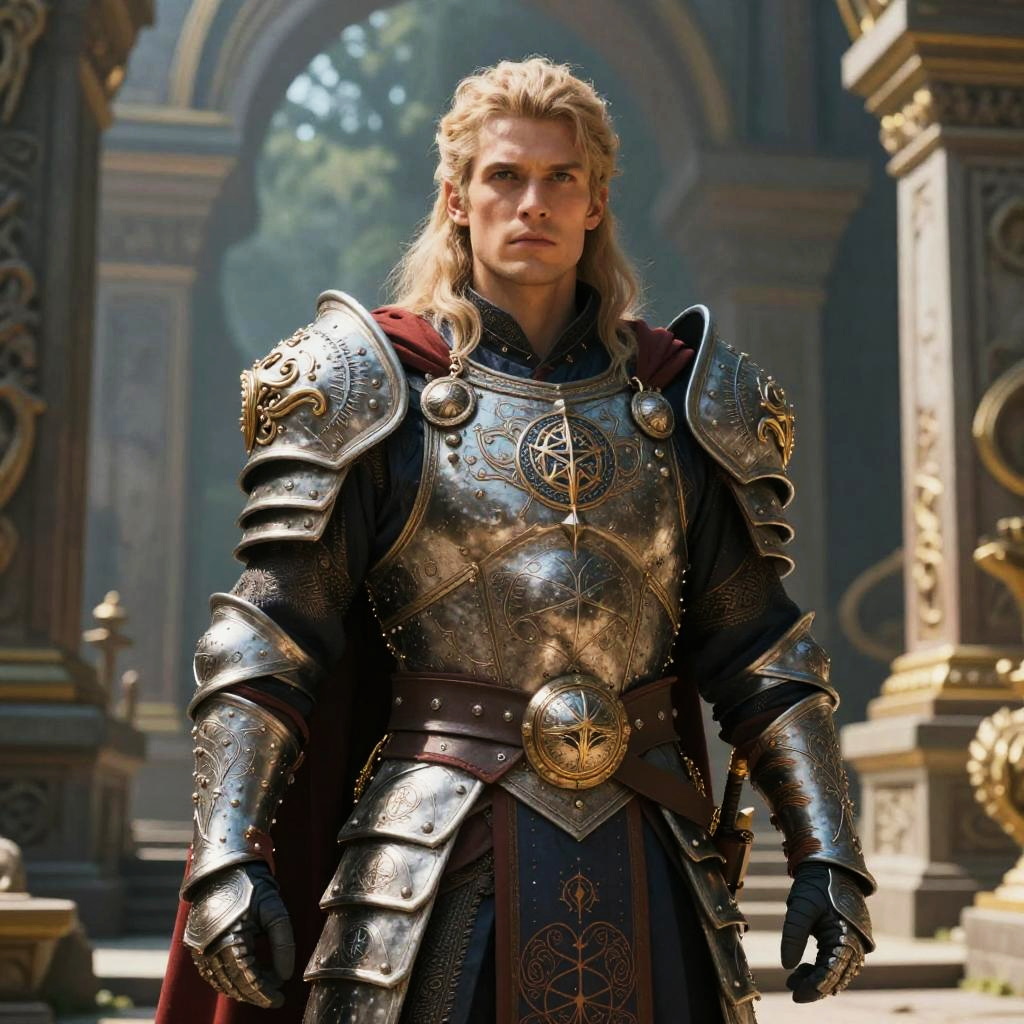Photorealistic CGI of a tall, blond man in elaborate, shiny medieval armor with intricate designs, standing in a sunlit, ancient stone courtyard.
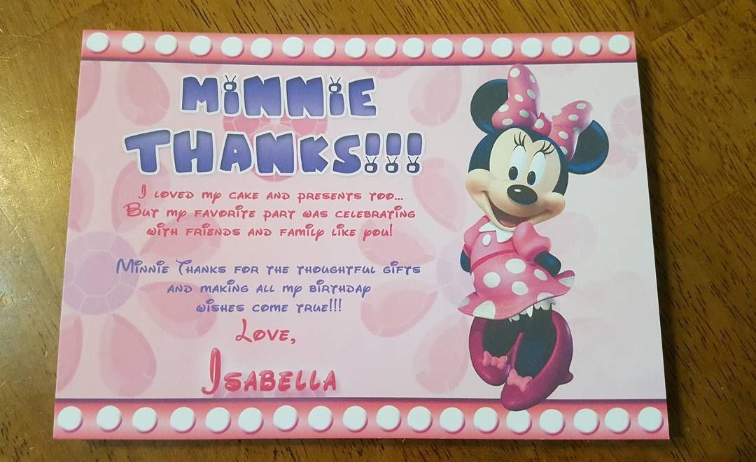 Minnie Mouse Thank You Card With Photo Minnie Thank You Card Note
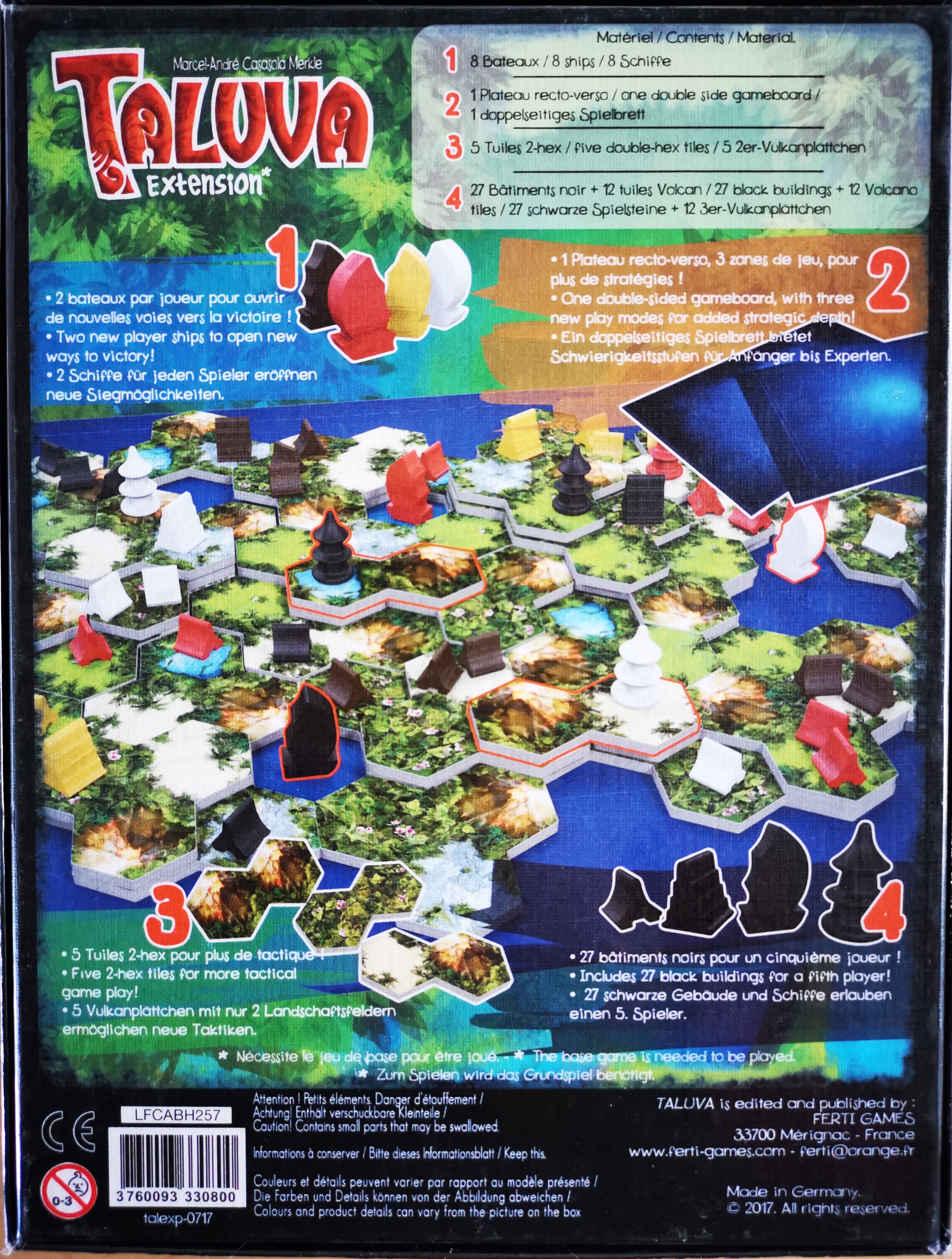 Matériel : 8 Bateaux, 1 Plateau Recto Verso, 5 Tuiles 2-Hex, 27 Bâtiments Noirs, 12 Tuiles Volcan.

» WHAT YOU HAVE TO DO:
Would you please set down the data above again exactly, without its pictures?

» RESPONSE AREA:
Photorealistic CGI of a tall, blond man in elaborate, shiny medieval armor with intricate designs, standing in a sunlit, ancient stone courtyard.
 Minnie Mouse Thank You Card With Photo Minnie Thank You Card Note
 Matériel : 8 Bateaux, 1 Plateau Recto Verso, 5 Tuiles 2-Hex, 27 Bâtiments Noirs, 12 Tuiles Volcan.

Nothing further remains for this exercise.